▶ [Directions]: The required output is the exact text of the lines from the line containing "私は手もとにあったペン立てから一本のGペンをとり髪にグリっとやってみました。" through the final line below, inclusive, without pictures.

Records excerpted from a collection
Start of Block

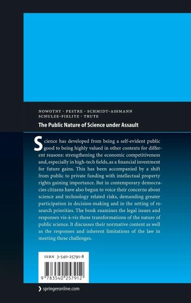 Science has development from a self-evident public good to being highly valued in other contexts for different reasons: strengthening the economic competitiveness and, especially in high-tech fields, as a financial investment for future gains. This has been accompanied by a shift from public to private funding with intellectual property rights gaining importance. But in contemporary democracies citizens have also begun to voice their concerns about science and technology related risks, demanding greater participation in decision-making and in the setting of research priorities. The book examines the legal issues and responses vis-à-vis these transformations of the nature of public science. It discusses their normative content as well as the inherent limitations of the law in meeting these challenges.
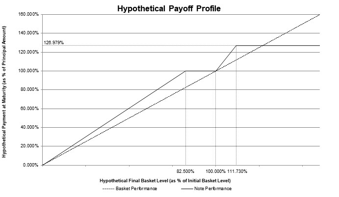 ●if the final basket level is less than the initial basket level by more than 17.50% (the basket return is negative and is less than -17.50%), you will receive an amount in cash equal to the sum of (i) $1,000 plus (ii) the product of (a) $1,000 times (b) the buffer rate of approximately 121.21% times (c) the sum of the basket return plus 17.50%.
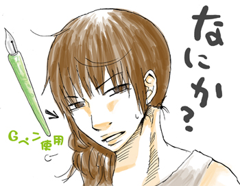 私は手もとにあったペン立てから一本のGペンをとり髪にグリっとやってみました。
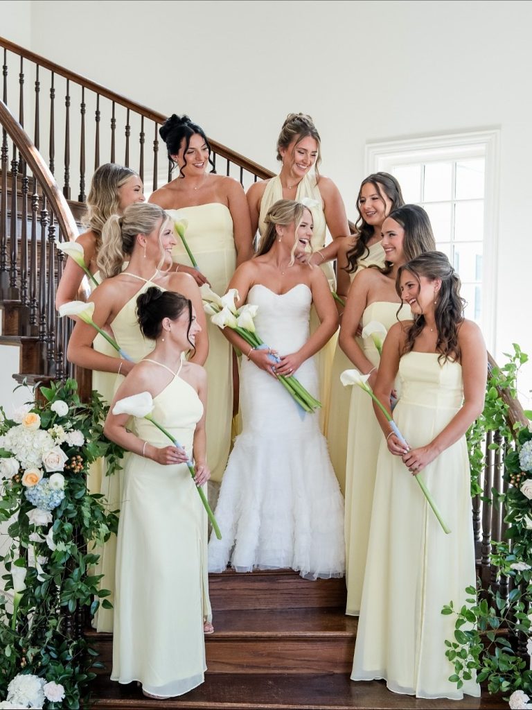 Carsyn and Cole’s elegant summer wedding blended pastel florals, soft yellow bridesmaid dresses, and timeless Southern charm for a celebration full of joy and style. Their day began with thoughtful details—from powder-blue bridal accessories to classic calla lily bouquets—setting the tone for a romantic, airy aesthetic. The ceremony featured lush garden-inspired arrangements and natural light pouring through the windows, creating the dreamiest backdrop for their vows. Guests were welcomed into a reception filled with towering hydrangea centerpieces, candlelit tables, and a beautifully detailed tiered cake. Every moment, from golden-hour portraits on the lawn to their sweet first dance, showcased the effortless love these two share.
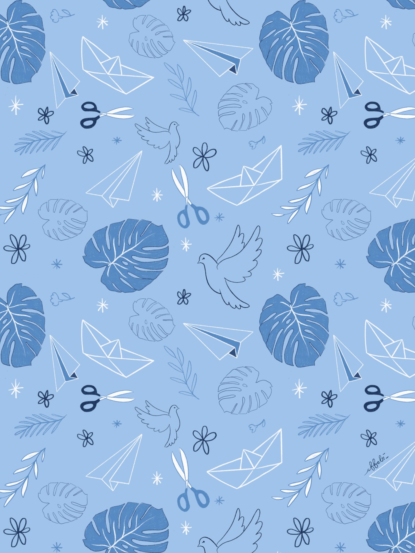 • Padrão azul com folhas tropicais, pássaros, tesouras e figuras de papel
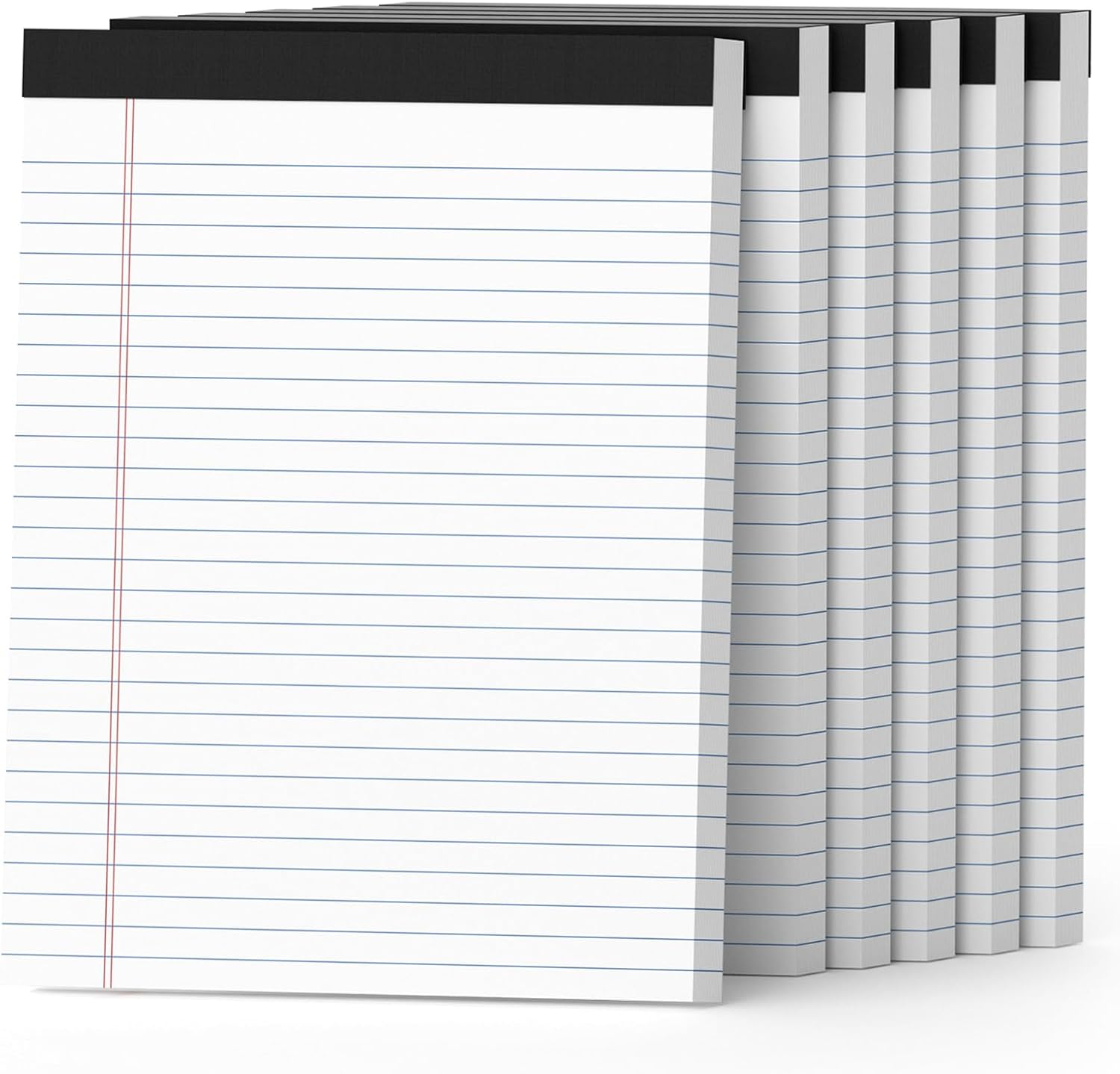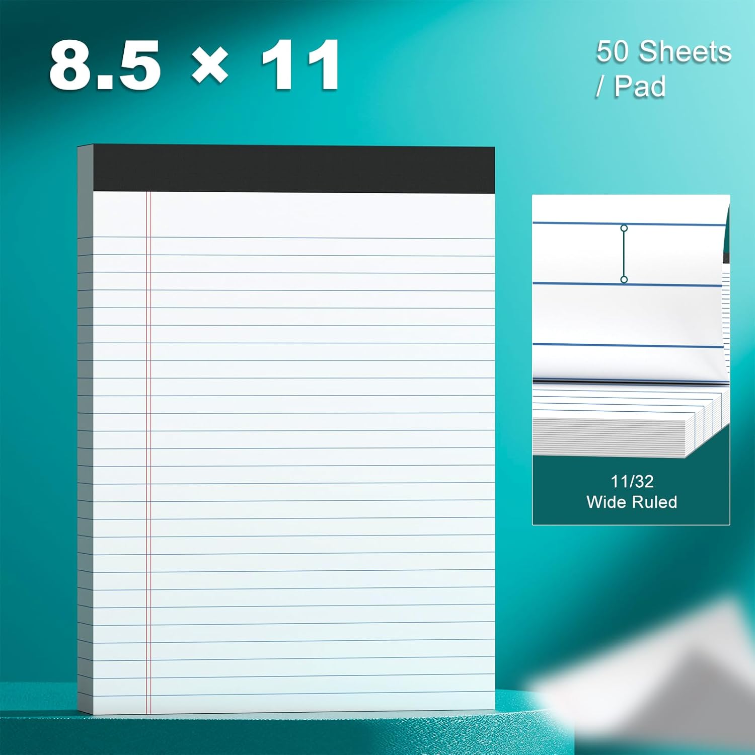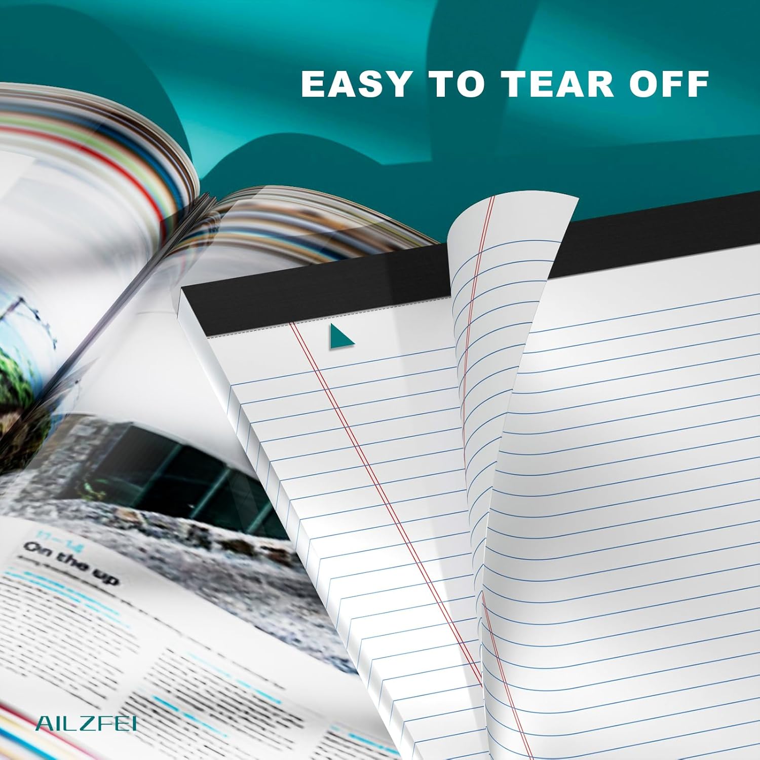 AILZFEI 300 Sheets White Legal Pads 8.5 x 11 Wide Ruled 6 Pack Notebook Paper Note Pad 50 Sheets per Notepad Perforated Writing Pad Study Back 8x11 Pads of Paper

End of Block

▶ [Finished exercise]:
 私は手もとにあったペン立てから一本のGペンをとり髪にグリっとやってみました。
 Carsyn and Cole’s elegant summer wedding blended pastel florals, soft yellow bridesmaid dresses, and timeless Southern charm for a celebration full of joy and style. Their day began with thoughtful details—from powder-blue bridal accessories to classic calla lily bouquets—setting the tone for a romantic, airy aesthetic. The ceremony featured lush garden-inspired arrangements and natural light pouring through the windows, creating the dreamiest backdrop for their vows. Guests were welcomed into a reception filled with towering hydrangea centerpieces, candlelit tables, and a beautifully detailed tiered cake. Every moment, from golden-hour portraits on the lawn to their sweet first dance, showcased the effortless love these two share.
 • Padrão azul com folhas tropicais, pássaros, tesouras e figuras de papel
 AILZFEI 300 Sheets White Legal Pads 8.5 x 11 Wide Ruled 6 Pack Notebook Paper Note Pad 50 Sheets per Notepad Perforated Writing Pad Study Back 8x11 Pads of Paper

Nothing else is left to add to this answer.